__Task to complete__: Write out a word-for-word repetition of the lines that come before the line containing "Найменше пощастить тим, хто" in the listing below, along with that line itself, omitting pictures.

########

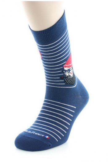 Les chaussettes simples Dagobert à l’envers sont tricotées en coton d’Egypte à 4 fils et vanisées en élasthanne. Elles ont donc une maille bien dense et sont souples.
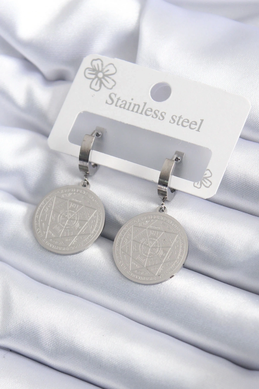 316L Çelik Gümüş Renk Pentagram İşleme Model Kadın Küpe
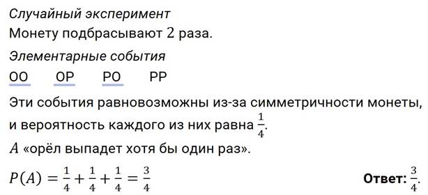 Задание третье. Симметричную монету бросают 2 раза. Найдите вероятность того, что орёл выпадет хотя бы 1 раз.
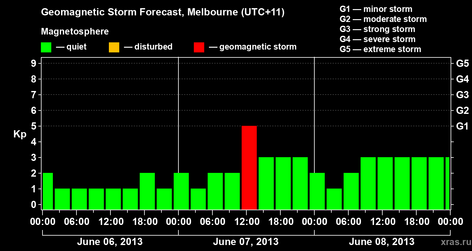 Geomagnetic storm forecast in Melbourne for Jun 06, 2013
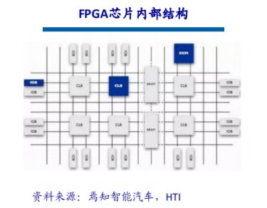 FPGA芯片主要由6部分完成,分别为:可编程输入输出单元、基本可编程逻辑单元、完整的时钟管理、嵌入块式RAM、丰富的布线资源、内嵌的底层功能单元和内嵌专用硬件模块。目前主流的FPGA仍是基于查找表技术的,已经远远超出了先前版本的基本性能,并且整合了常用功能(如RAM、时钟管理和DSP)的硬核(ASIC型)模块。
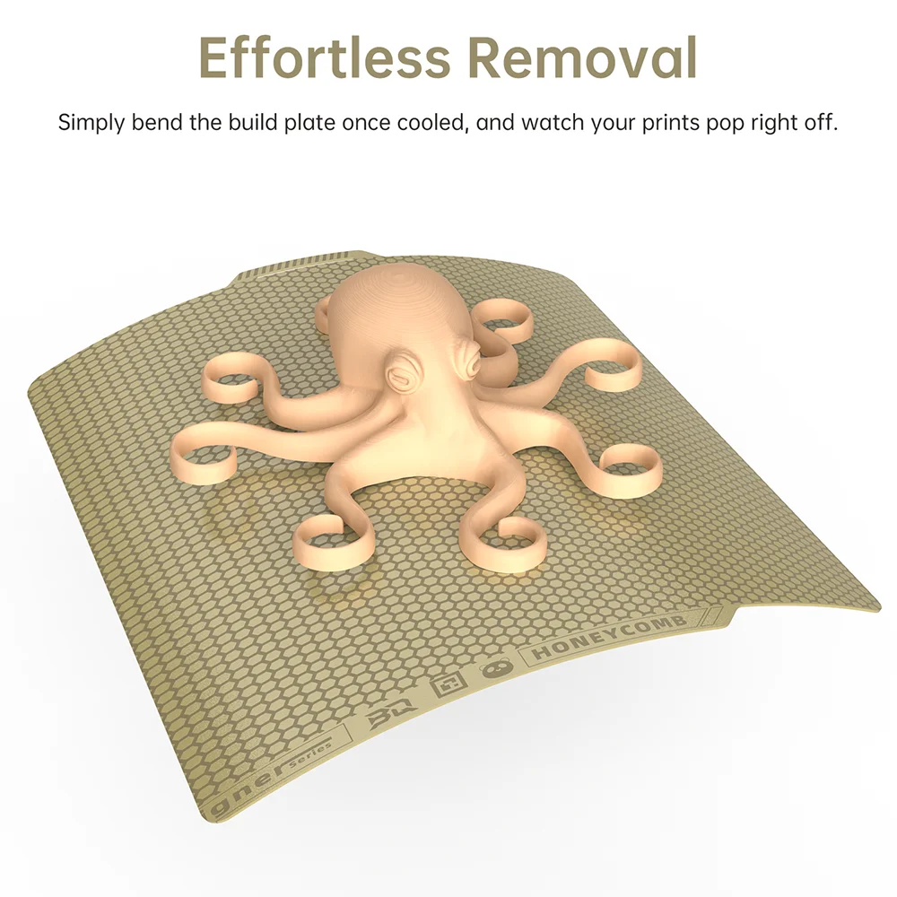 Simplemente doble ligeramente la superficie y su impresión terminada se desprenderá limpiamente sin necesidad de raspar o hacer palanca herramientas.
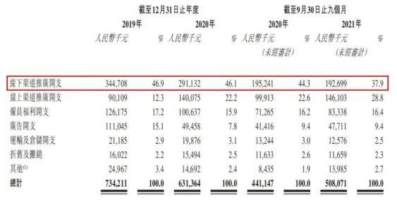 2019年、2020年,薇美姿线下渠道的推广开支占总销售费用的比例近半,到了2021年才有所下降。
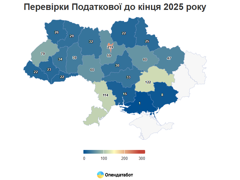 Найменше пощастить тим, хто працює в Києві — кожна п’ята перевірка запланована саме тут (219). За столицею наслідують Дніпропетровська (122), Одеська (114), Львівська (79) та Полтавська (60) області.
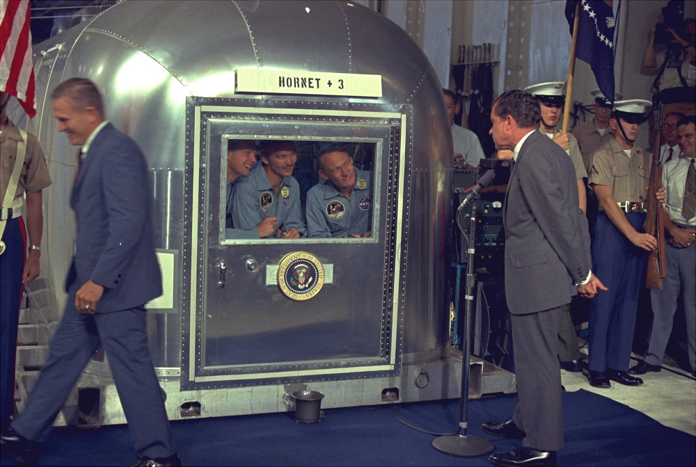 Αποτελεί άλλωστε μέρος της λαμπρής ιστορίας του διαστήματος, η φωτογραφία των τριών αστροναυτών μέσα στην αμπούλα απομόνωσης, να χαιρετούν τον τότε πρόεδρο των ΗΠΑ, Ρίτσαρντ Νίξον.
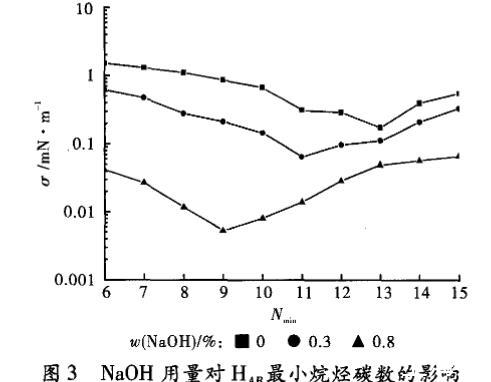 由图3可知,随着碱用量的增加,HAB溶液的Nmin值从13变为9,Nmin与EACN的比值从13/9变到1,即Nmin与EACN的比值更接近1,相应的界面张力也变得更低。对于混合表面活性剂体系来说,Nmin值虽然宏观上表现出一个值,而实质上是通过组成此混合表面活性剂体系中几种表面活性剂的Nmin值通过计算平均值得到的。实验中所用到的重烷基苯磺酸钠是一种混合表面活性剂,主要是由单烷基苯磺酸钠、二烷基苯磺酸钠、多烷基苯磺酸钠以及烷基萘磺酸钠等几种磺酸盐表面活性剂组成的,因此可以推断出,碱的加入改变了实验中表面活性剂HAB中每种表面活性剂的Nmin值,HAB溶液的Nmin值也就发生了变化,当碱的质量分数为0.8%时,HAB溶液的Nmin值变为9,如图1所示,HAB溶液与直馏柴油间的界面张力达到超低。

########

__Written solution__:
 Les chaussettes simples Dagobert à l’envers sont tricotées en coton d’Egypte à 4 fils et vanisées en élasthanne. Elles ont donc une maille bien dense et sont souples.
 316L Çelik Gümüş Renk Pentagram İşleme Model Kadın Küpe
 Задание третье. Симметричную монету бросают 2 раза. Найдите вероятность того, что орёл выпадет хотя бы 1 раз.
 Geomagnetic storm forecast in Melbourne for Jun 06, 2013
 FPGA芯片主要由6部分完成,分别为:可编程输入输出单元、基本可编程逻辑单元、完整的时钟管理、嵌入块式RAM、丰富的布线资源、内嵌的底层功能单元和内嵌专用硬件模块。目前主流的FPGA仍是基于查找表技术的,已经远远超出了先前版本的基本性能,并且整合了常用功能(如RAM、时钟管理和DSP)的硬核(ASIC型)模块。
 Simplemente doble ligeramente la superficie y su impresión terminada se desprenderá limpiamente sin necesidad de raspar o hacer palanca herramientas.
 2019年、2020年,薇美姿线下渠道的推广开支占总销售费用的比例近半,到了2021年才有所下降。
 Найменше пощастить тим, хто працює в Києві — кожна п’ята перевірка запланована саме тут (219). За столицею наслідують Дніпропетровська (122), Одеська (114), Львівська (79) та Полтавська (60) області.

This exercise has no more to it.